Josh Silverman, Etsy CEO, told CNBC on Friday that no one knows what will happen to the coronavirus pandemic this year, but he hopes the company will “outperform e-commerce as a whole”.

“Neither of us have a crystal ball,” Silverman said on Squawk Box, the day after the online market posted much better-than-expected fourth-quarter earnings and sales.

Etsy was a big beneficiary of the stay-at-home economy during Covid.

“If I look at 2020, e-commerce has grown at a crazy rate. E-commerce has grown over 40% year-over-year, and yet Etsy has grown 2.5 times the e-commerce rate” , he said.

“I don’t know what ecommerce will do in 2021,” he admitted, but added, “I hope and believe that Etsy can continue to outperform ecommerce overall.”

Etsy revenue for full year 2020 was $ 1.73 billion, up 111% year over year, while net income increased 264% to $ 349 million. Gross merchandise sales in the company’s marketplace – known for its independent artisans who sell a range of products – rose to $ 10.28 billion last year. That’s an increase of $ 4.97 billion in 2019.

The company declined to issue full-year projections due to the pandemic and instead offered them quarterly. For the current first quarter, Etsy expects sales between 513 and 536 million US dollars, which is significantly better than the 383 million US dollars expected by Wall Street.

In a conference call following the profit on Thursday, Silverman told analysts that Etsy had met its 2023 business goals three years ahead of schedule after the pandemic accelerated online shopping adoption and demand for essentially new product categories in its market like Face masks.

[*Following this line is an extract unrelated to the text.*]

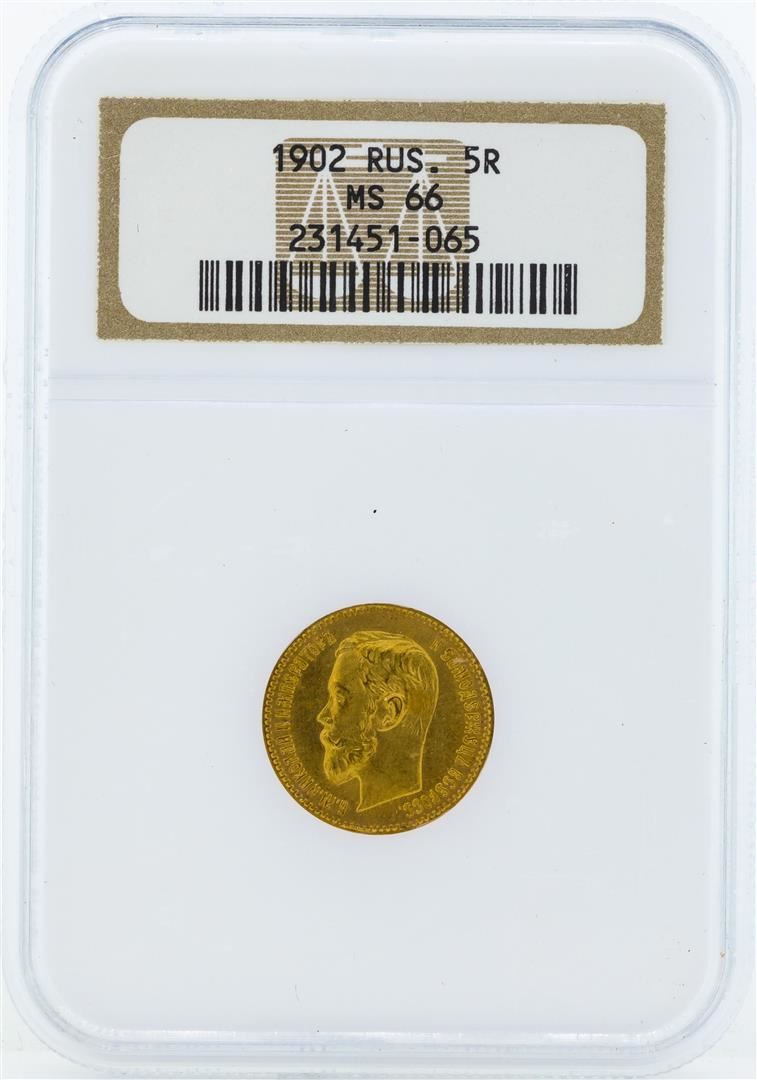 One 1902 Russia 5 Roubles Gold Coin NGC MS66. NGC Certified.

Silverman told CNBC that when looking at Etsy’s position after Covid, he saw two competing forces. On the positive side, millions of people who typically shopped in brick and mortar stores prior to the pandemic have started buying goods online. On the flip side, he said retail will make up a smaller portion of consumer spending as a full economic reopening occurs and more people eat and travel in restaurants again.

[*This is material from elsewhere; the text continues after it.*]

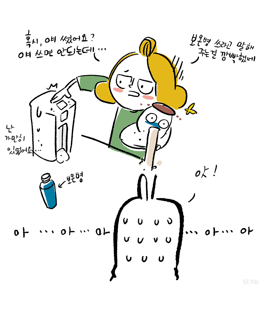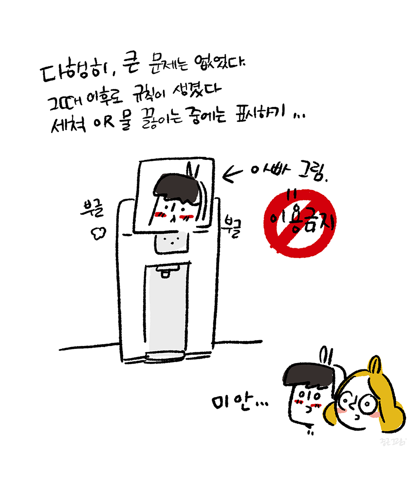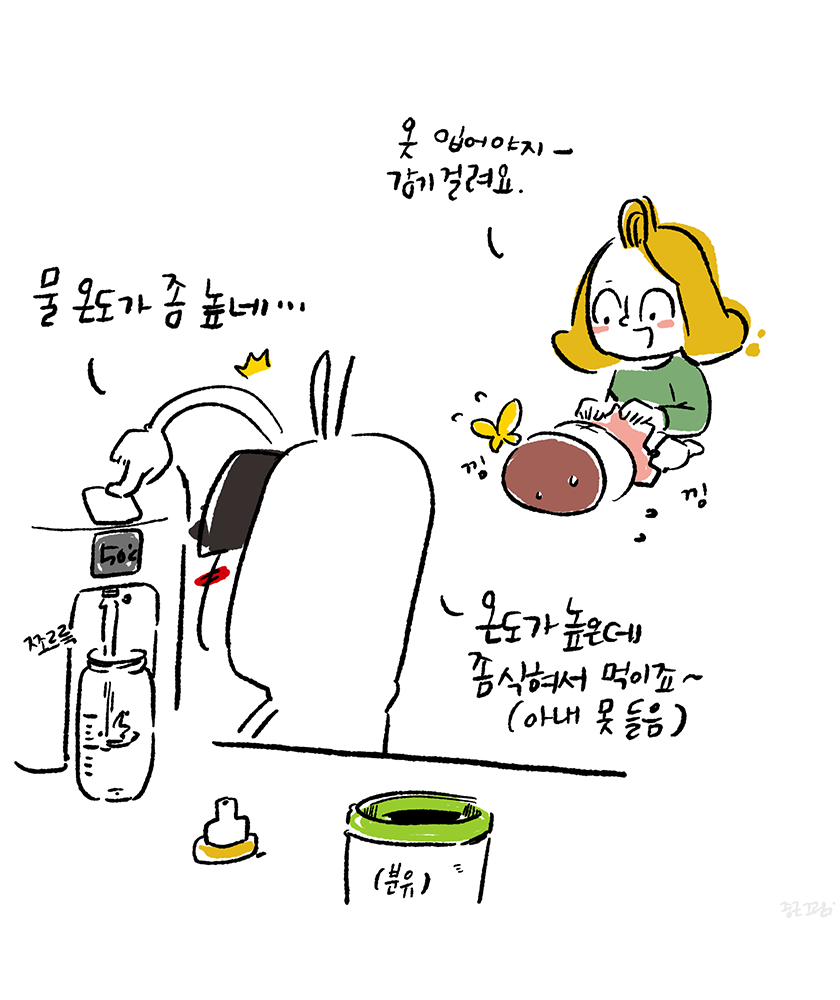 그 이후에 생긴 우리 가족의 규칙은 분유포트 세척 또는 물을 끓일 경우 기기에 아빠의 그림을 올려놓는 것이다.

“What I don’t know – and what I don’t know that any of us know – is what will happen to overall consumer spending as restrictions wear off,” said Silverman. “What I do know is that if you look long-term, if you look to 2022 and 2023 and beyond, e-commerce just keeps getting bigger and I think we’re getting bigger and bigger.”

Etsy stocks rose 9% just after Friday open. The company’s shares are up nearly 300% in the past 12 months.